/lucasway

Database Migration Framework that treats your database resources like code

Primary LanguageGroovy

lucasway

Background

lucasway is a database migration framework that takes a structural approach to database migrations. Traditional frameworks allow for a folder of migration files that are run sequentially, and are marked off never to be run again. The aim of this project is to structure database resources like code and gain the benefits of extra flexibility, maintainability, and readability.

The name is a nod to flyway and timsort.

Statement of purpose

Splitting the structure of migrations out by logical namespace instead of version timestamp has the following benefits:

  • It is a more logical grouping of data constructs
  • It allows easy diffs in your version control system, and a straightforward way to track how your table has changed over time
  • It allows a structure that makes sense to your project’s database.

Functions, triggers, views, etc - everything not directly structured data in your database, should be treated as code. Migrations should be treated as a deploy. Deploying code to a server refreshes all methods, so deploying code to a database should refresh all functions.

Tables should be grouped logically, and all changes to a table should occur close to each other on the file system.

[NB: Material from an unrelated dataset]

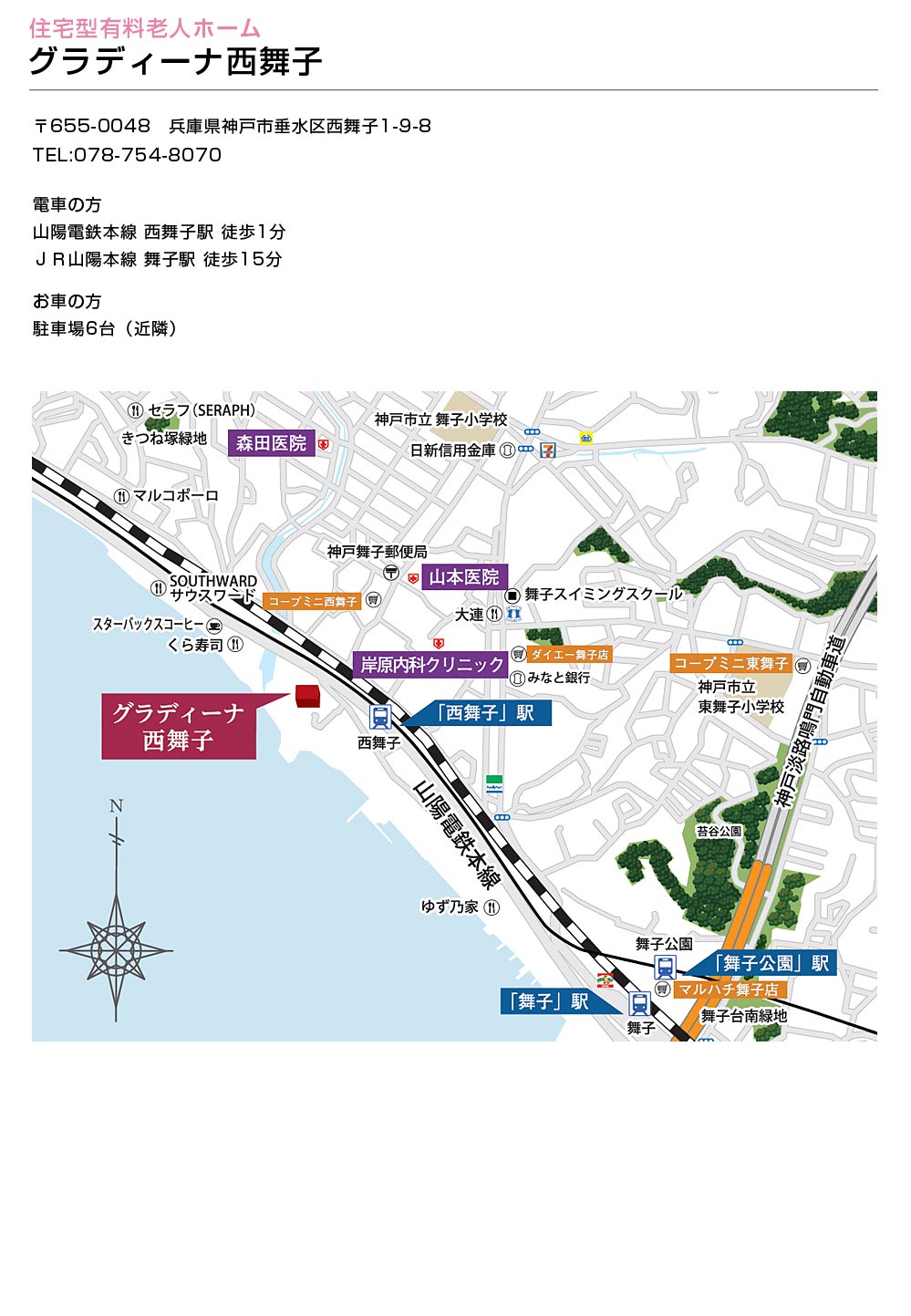 兵庫県神戸市にある住宅型有料老人ホーム グラディーナ西舞子への地図

The drawback to this approach is that the resources may need structure. In your project’s database, you may have a hard dependency for another resource to exist before the dependent resource can execute successfully. Think of a data migration that requires a function to exist.

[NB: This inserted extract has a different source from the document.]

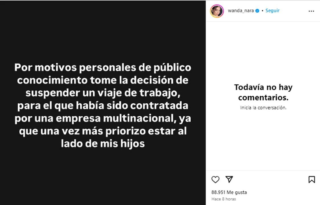 “Por motivos personales de público conocimiento, tomé la decisión de suspender un viaje de trabajo para el que había sido contratada por una empresa multinacional, ya que una vez más priorizo estar al lado de mis hijos”, escribió.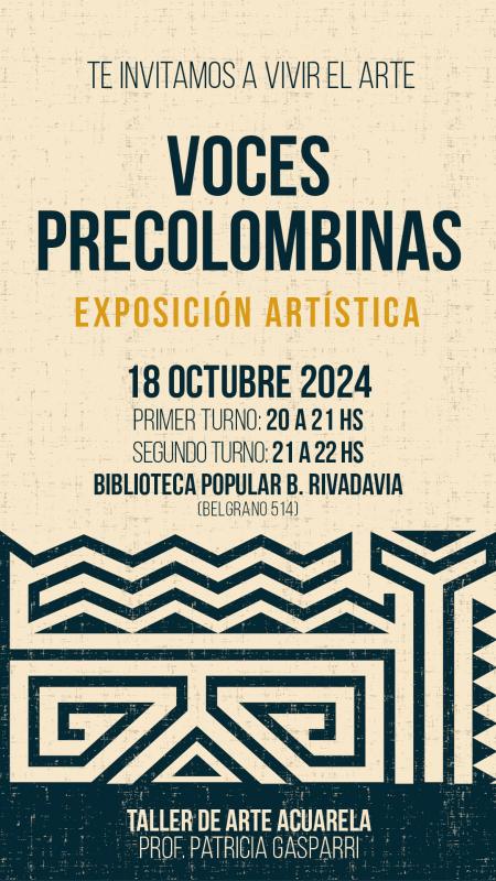 Este viernes 18 en la Biblioteca Popular "Bernardino Rivadavia" se llevará a cabo la Exposición "Voces Precolombinas" de los alumnos del "Taller Acuarela" a cargo de la Prof. Patricia Gasparri. La misma se dará en dos turnos a partir de las 20 y 21 hs

All resources in lucasway allow dependencies via a directed acyclic graph. http://www.gradle.org/docs/current/userguide/go01.html#dag

How it works

lucasway is designed as a gradle plugin. Simply add the plugin to your project and apply the necessary configurations.

Typical project layout

    /src
    ----/main
    --------/sql
    ------------/tables
    ----------------/users
    --------------------user.sql
    --------------------user_company.sql
    --------------------company.sql
    ----------------/functions
    --------------------/common
    ------------------------unix_timestamp_to_pg_timestamp.sql
    ------------------------increment.sql
    --------------------/user
    ------------------------load_user.sql
    ----------------/triggers
    --------------------sample_trigger.sql
    ----------------/views
    --------------------sample_view.sql
    ----------------/misc
    --------------------create_a_schema.sql
    --------------------do_a_barrel_roll.sql

lucasway treats all files under /src/main/sql as your migration resources. Every file under /src/main/sql/tables is treated as versioned migrations and will be tracked like usual. Files under /src/main/sql/* otherwise not in the tables folder are treated as code and will be applied to the target database every time lucaswayMigrate runs.

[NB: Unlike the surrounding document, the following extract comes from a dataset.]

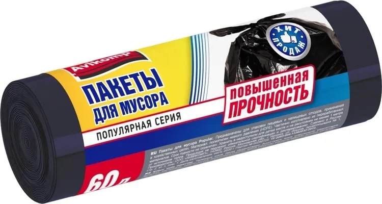 "AVIKOMP" Мешки для мусора повышенной прочности " Popular" ПНД, 60л, 20шт

How to add it to your project

Add lucasway's maven repo and plugin artifact to your build script

    buildscript {
        repositories {
            maven { url "https://github.com/lucasgray/maven-repository/raw/master/" }
        }
        
        dependencies {
            classpath group: 'com.ni', name: 'lucasway', version: '0.1'
        }
    }

Apply the plugin

    apply plugin: 'lucasway-migrations'

Denote the sql dependency needed to run the migrations

    dependencies {
        sql group:"postgresql", name:"postgresql", version:"9.1-901-1.jdbc4"
    }

Configure lucasway

    lucasway {
        url="jdbc:postgresql://localhost:5432/lucasway"
        driver="org.postgresql.Driver"
        username="user"
        password="pass"
        auditing=true
    }

How to structure your files

Functions, etc.

Functions are tracked uniquely via their file name. A good practice is naming the file the exact same as the function. The file MUST be idempotent for your database of choice, meaning, it should be able to run over and over independently. For postgres, this means the first line should be DROP FUNCTION foo or CREATE OR REPLACE FUNCTION foo.

__increment.sql__

    CREATE OR REPLACE FUNCTION increment(i integer) RETURNS integer AS $$
        BEGIN
                RETURN i + 1;
        END;
      $$ LANGUAGE plpgsql;

Tables, etc.

Tables are tracked via a block of meta information, then the sql to perform the necessary create or alter statements. One table file can optimally track all changes to that table, in ascending or descending order (we prefer descending).

Table migrations can also be used to perform oneoff data migrations into those tables, as shown in the example. Table migrations can pull in functions they depend on to be run first.

__user.sql__

    -----------------------------------
    --entity:user
    --dependsOn:[new_adhoc_user_load_function.sql]
    --V201311081234_MigrateOldUsersOver
    -----------------------------------
    SELECT adhoc_user_load_function();
    -----------------------------------
    --entity:user
    --V201311071234_AddAgeColumn
    -----------------------------------
    ALTER TABLE user ADD COLUMN age text;
    -----------------------------------
    --entity:user
    --V201310281234_CreateTable
    -----------------------------------
    CREATE TABLE user (
        author_id bigint,
        native_author_id text,
        feed_id bigint,
        interval_id bigint,
        interval_type_id bigint,
        gender_id bigint,
        post_count bigint
    );

Running lucasway

    $ gradle lucaswayMigration

lucasway inspects all table and function files, then runs top level table migrations (and any functions they depend on first). It marks each as run as it runs them. If any fail, the migrations up to that point succeed and do not roll back.

Auditing can be turned on or off. If on, it will record who ran migrations when, and a snapshot of svn st at that time (note that this is very environment specific - if you're not running on svn, you should probably turn auditing off)